Citation : 2002 Latest Caselaw 259 Bom
Judgement Date : 4 March, 2002

Bombay High Court
Mansi D/O Aniruddha Pusalkar vs Aniruddha Ramchandra Pusalkar on 4 March, 2002
Equivalent citations: 2002 (6) BomCR 262, II (2002) DMC 477, 2002 (3) MhLj 808
Author: H Gokhale
Bench: H Gokhale, V Daga

JUDGMENT

H.L. Gokhale, J.

1. The appellants in these two Appeals are daughters of the sole respondent. As of now they are aged 22 and 20 years respectively. The respondent herein has filed a petition for divorce against the mother of the appellants i.e. one Smt. Smita Pusalkar. That proceeding is pending. During the pendency of that proceeding, both these daughters filed two separate petitions under Section 20 of the Hindu Adoptions and Maintenance Act, 1956 (for short, the said Act) before the Family Court at Pune bearing Nos. P.C. 24 of 2001 and P.C. 25 of 2001 respectively. Both these petitions came to be rejected by order dated 29th May 2001 passed by a learned Judge of the Family Court, Pune. The learned Judge took the view that the petitions did not disclose any cause of action. He took the view that since the daughters were no longer minors they could not claim maintenance under Section 20(2) of the said Act. He, therefore, rejected their petitions under Order 7, Rule 11 of the Code of Civil Procedure.

2. Being aggrieved by this order, these two Appeals have been filed. After the Appeals were admitted, their hearing was expedited. Mr. Anturkar has appeared for the appellant in both these matters and Mr. Pradeep Patil has appeared for respondent.

3. The questions which arise for our consideration are mainly two-fold. Firstly, as to whether such a petition by an adult unmarried daughter could be filed under Section 20 of the said Act and secondly, as to whether the same could be filed in the Family Court.

4. Now, as far as the first question is concerned, it would be desirable to refer to Section 20 of the Hindu Adoptions and Maintenance Act, 1956, which reads as follows:--

"20. Maintenance of children and aged parents. -

(1) Subject to the provisions of this section a Hindu is bound, during his or her lifetime, to maintain his or her legitimate or illegitimate children and his or her aged or infirm parents.

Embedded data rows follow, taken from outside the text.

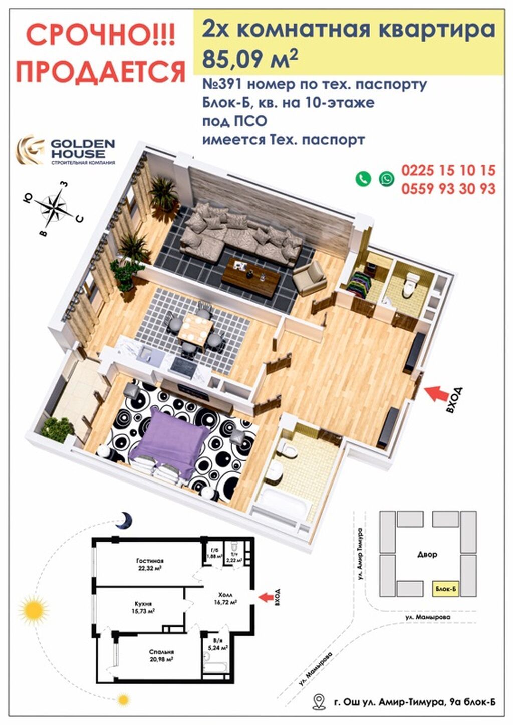 2‑комнатная квартира, 85,09 м², г. Ош, ул. Амир-Тимура, 9а, блок Б. Квартира №391 по техпаспорту, 10‑й этаж, имеется техпаспорт, под ПСО.
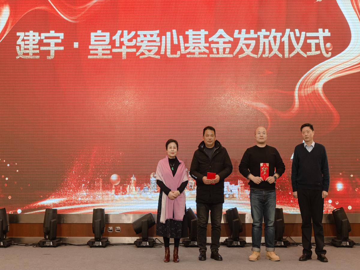 晚宴最后,董事長管民良和皇華國際大酒店董事長王衛(wèi)紅共同為集團困難員工發(fā)放了2022年度建宇?皇華員工保障基金;為晚會優(yōu)秀節(jié)目表演者現(xiàn)場頒獎。
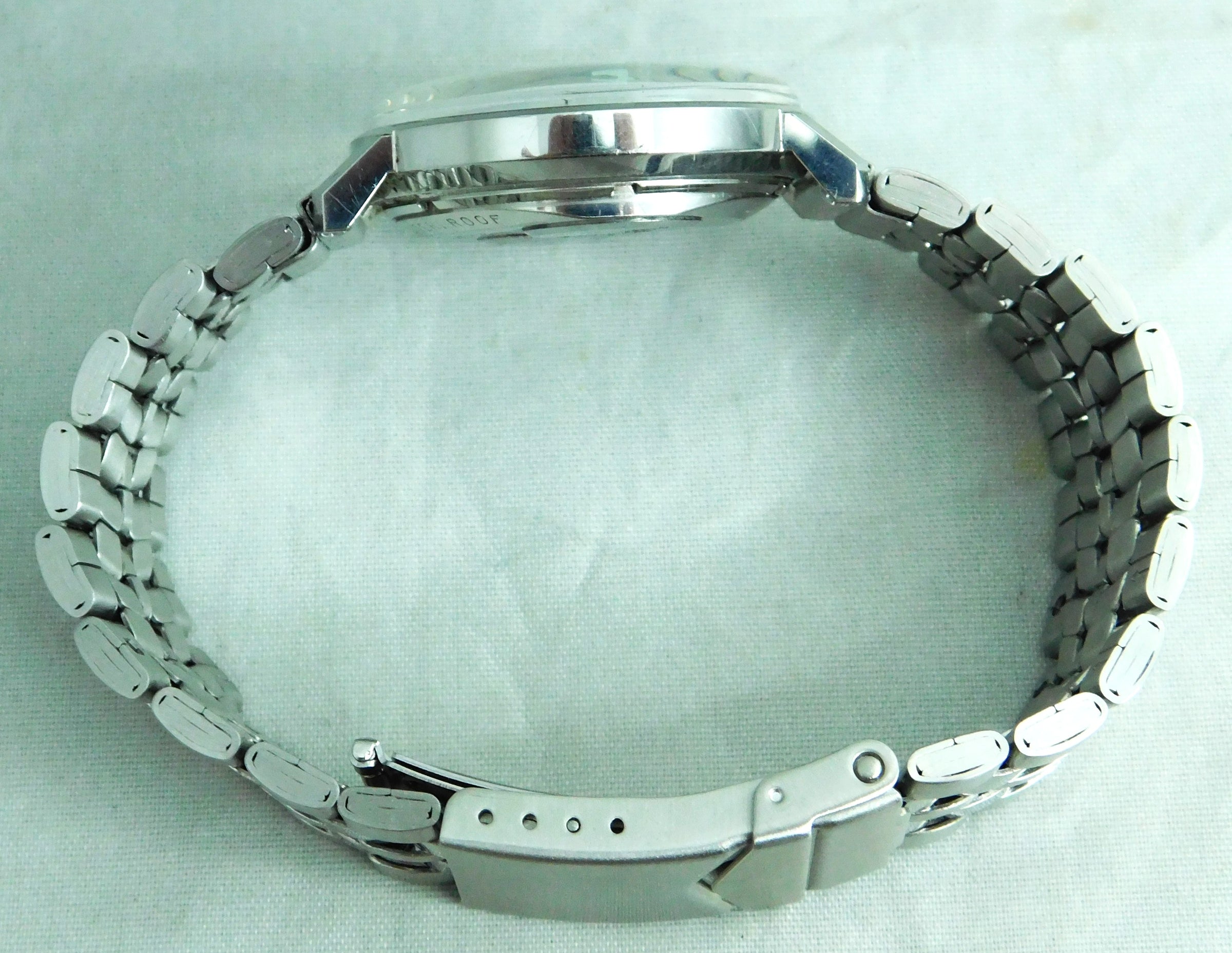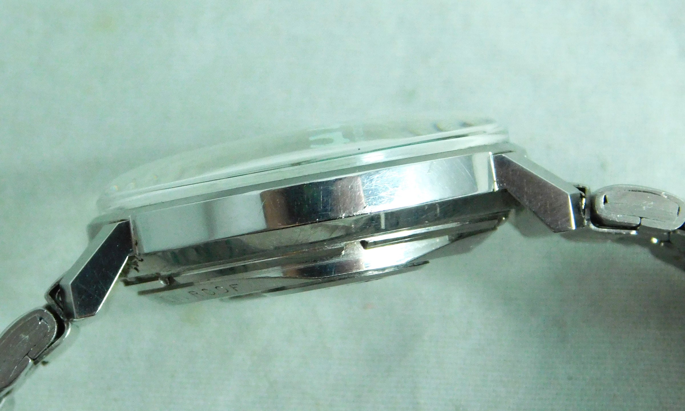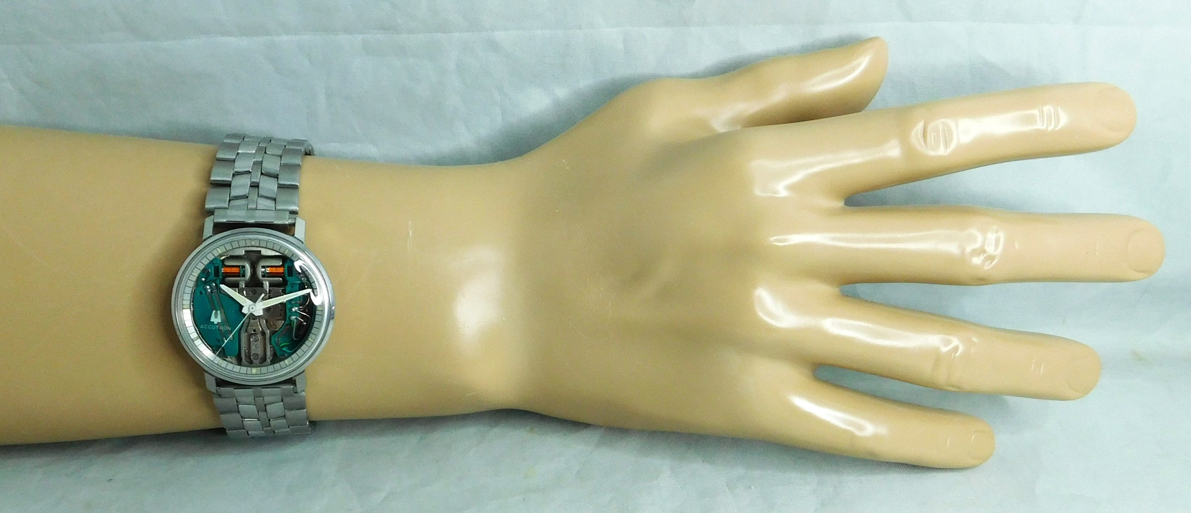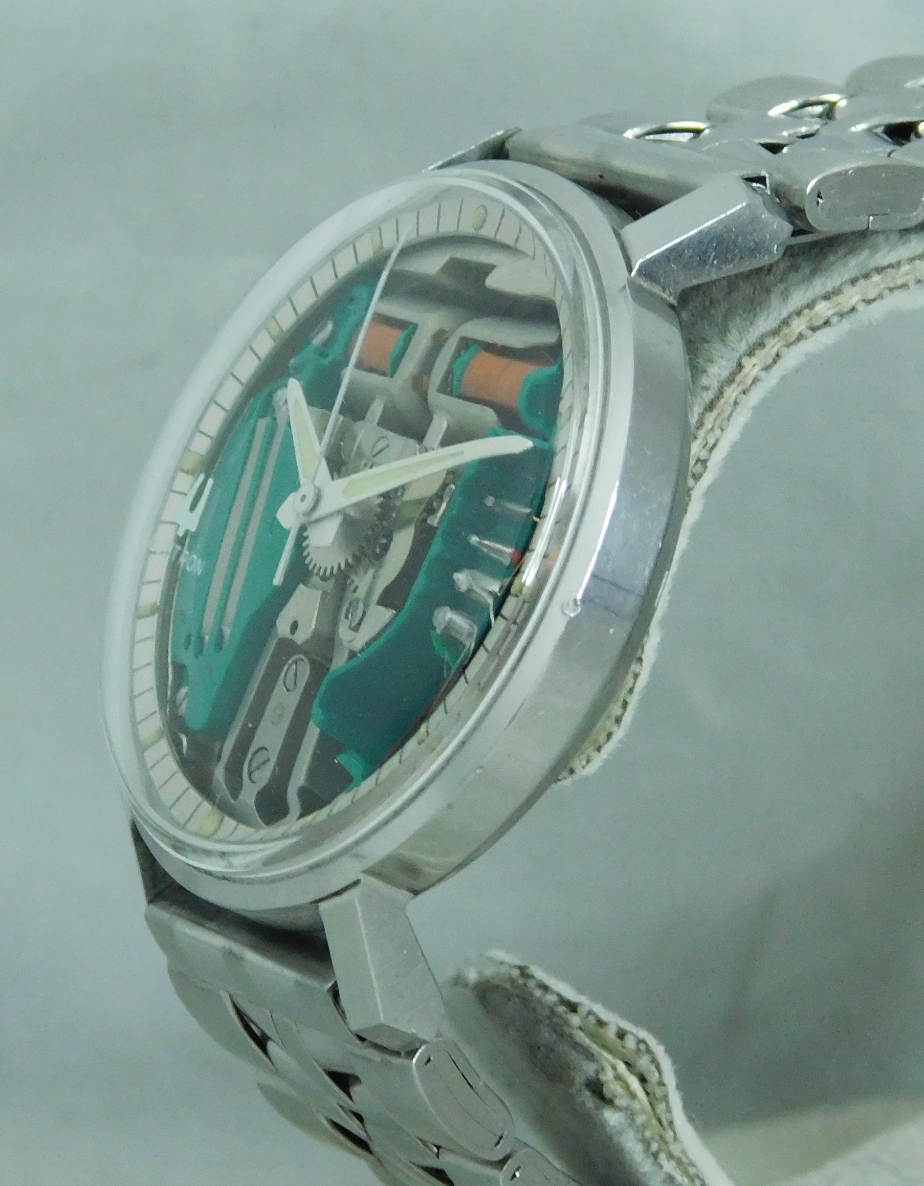 Bulova started offering more models towards the mid 1960s. Pictured here is a stainless steel USA model. This model used a reflector ring to mark minutes/seconds. It also used longer white "Spear" hands
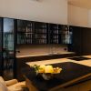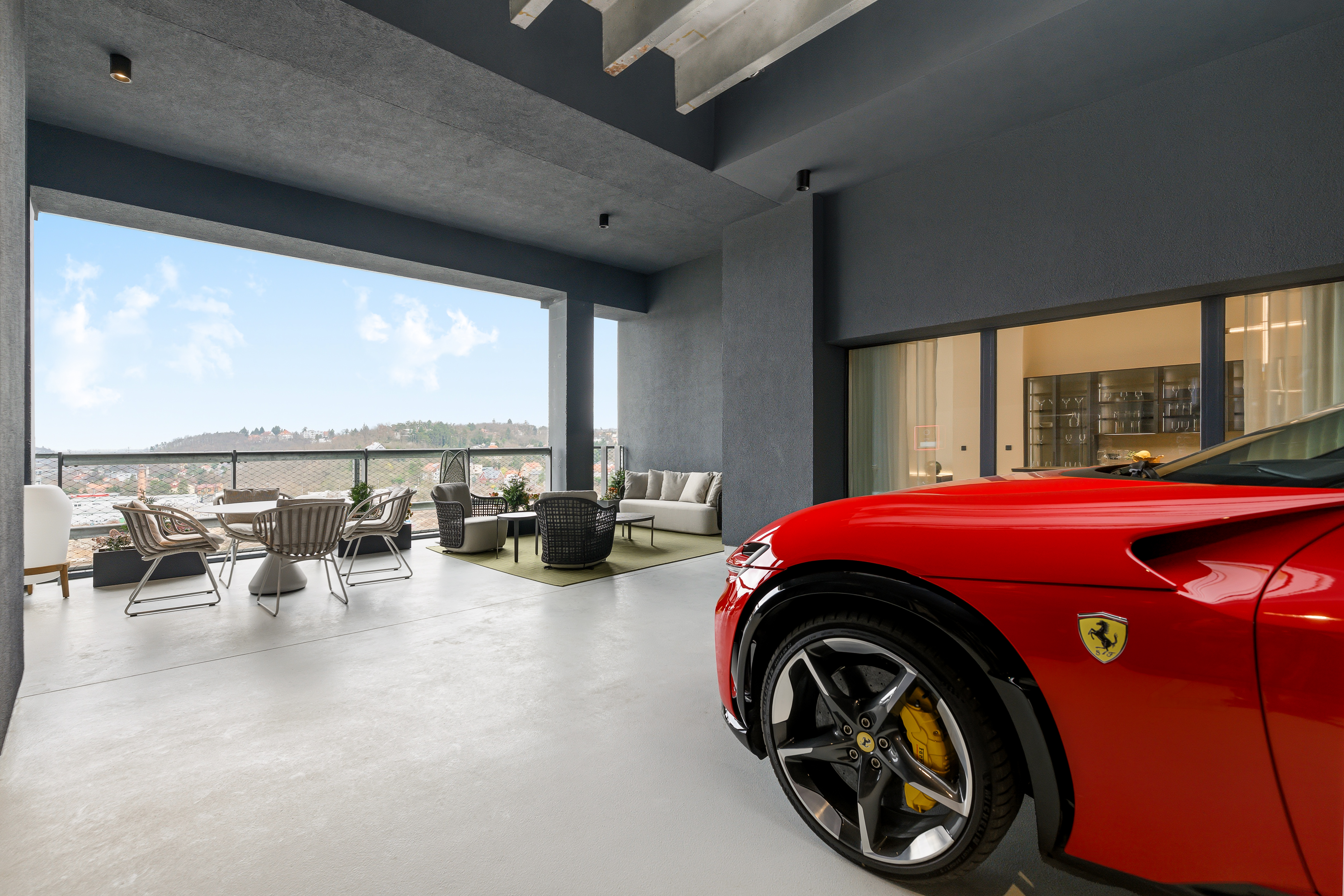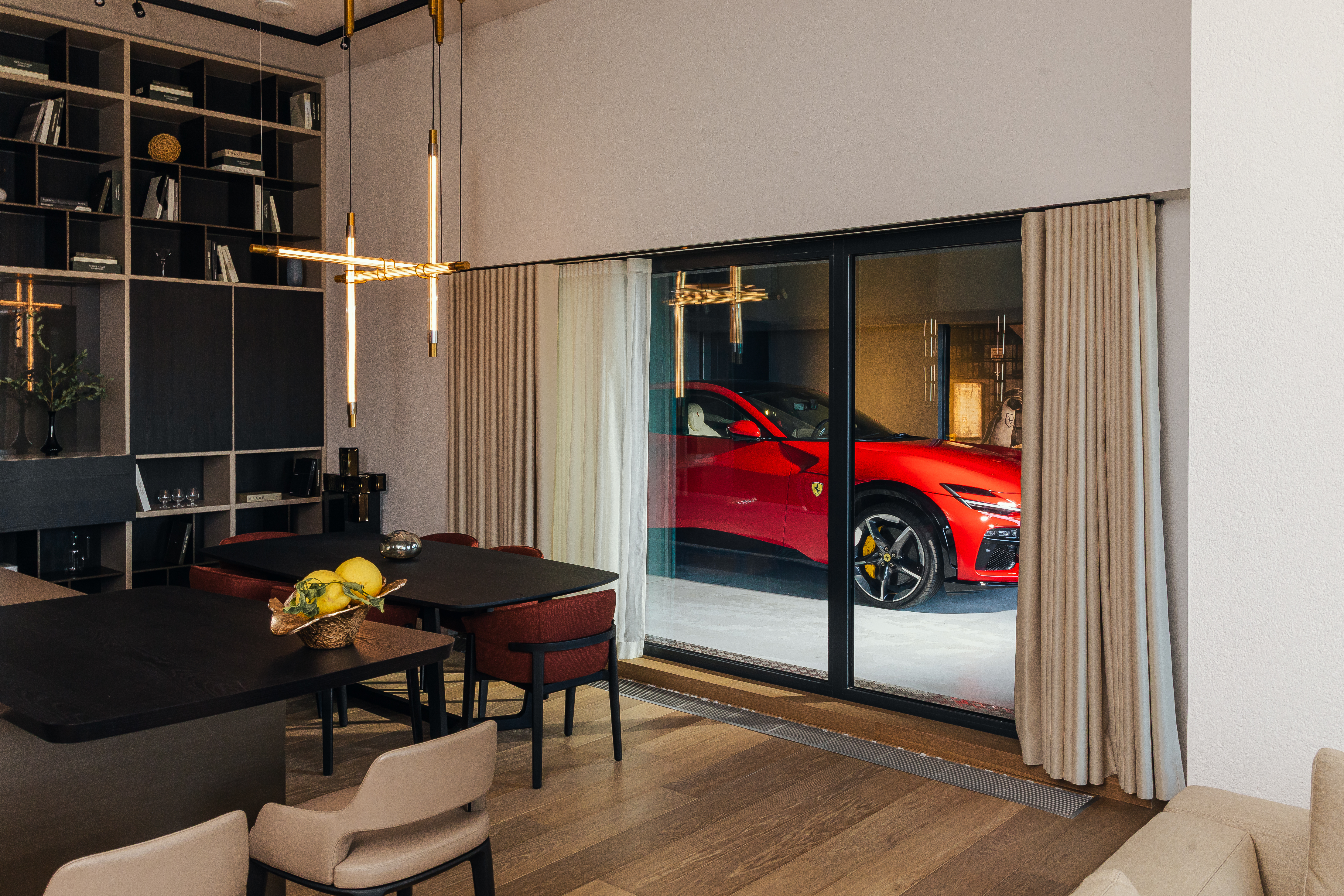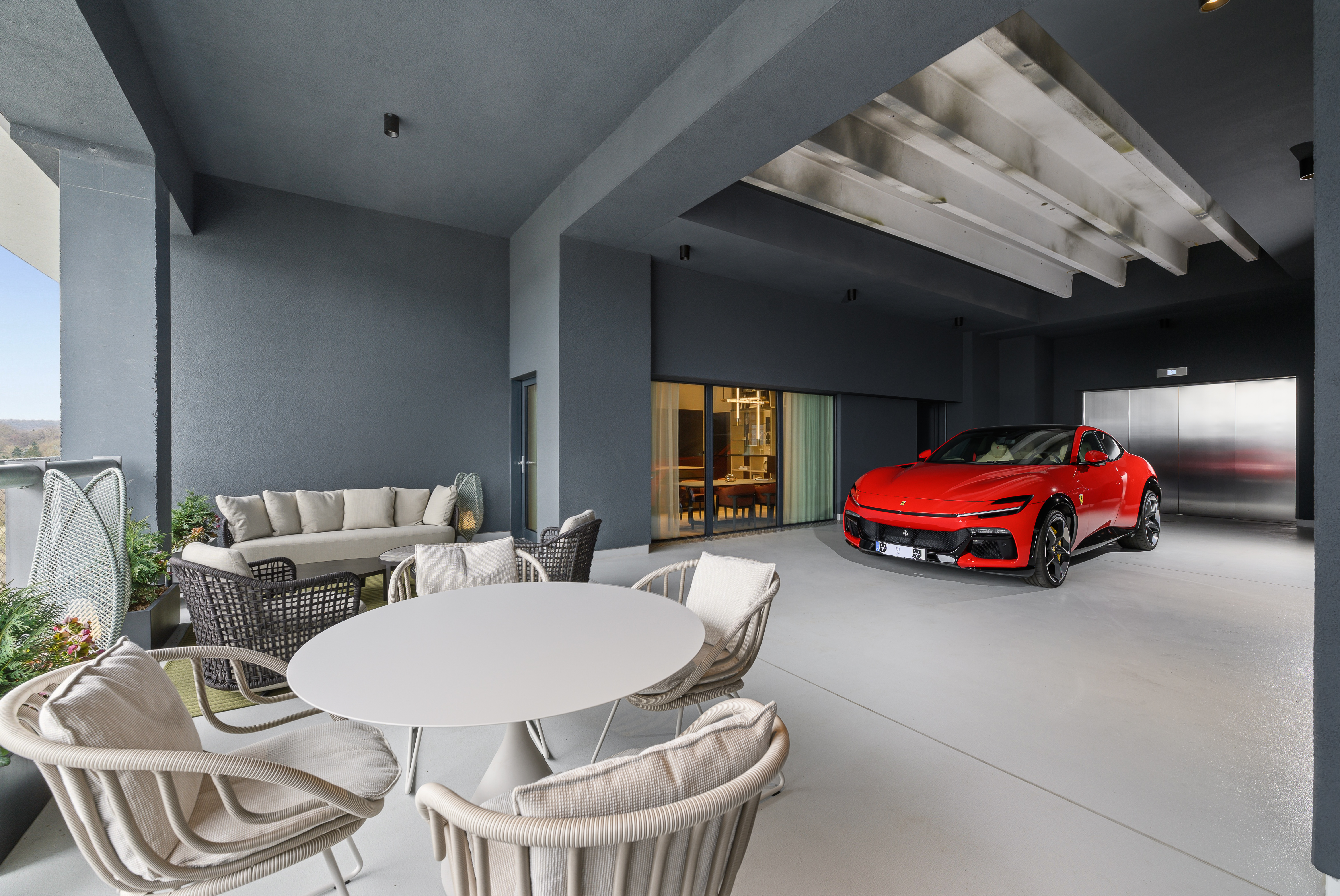 Interiér je vybaven ikonickými prvky značky Poliform a doplněn o solitérní designové objekty, které podtrhují jeho charakter. V obytné části dominuje modulární knihovna Wall System a kuchyňská sestava Phoenix, doplněná jídelním stolem Concorde a židlemi Leopold. Prostor zjemňuje sedačka Brerra a křeslo Kaori v kombinaci kůže a látky, doplněné stolky Mush a Ube. Atmosféru dotvářejí světelné objekty Spyder X od Henge a svítidla Tim od Bomma.

(2) A legitimate or illegitimate child may claim maintenance from his or her father or mother so long as the child is a minor.

(3) The obligation of a person to maintain his or her aged or infirm parent or a daughter who is unmarried extends insofar as the parent of the unmarried daughter, as the case may be, is unable to maintain himself or herself out of his or her own earnings or other property."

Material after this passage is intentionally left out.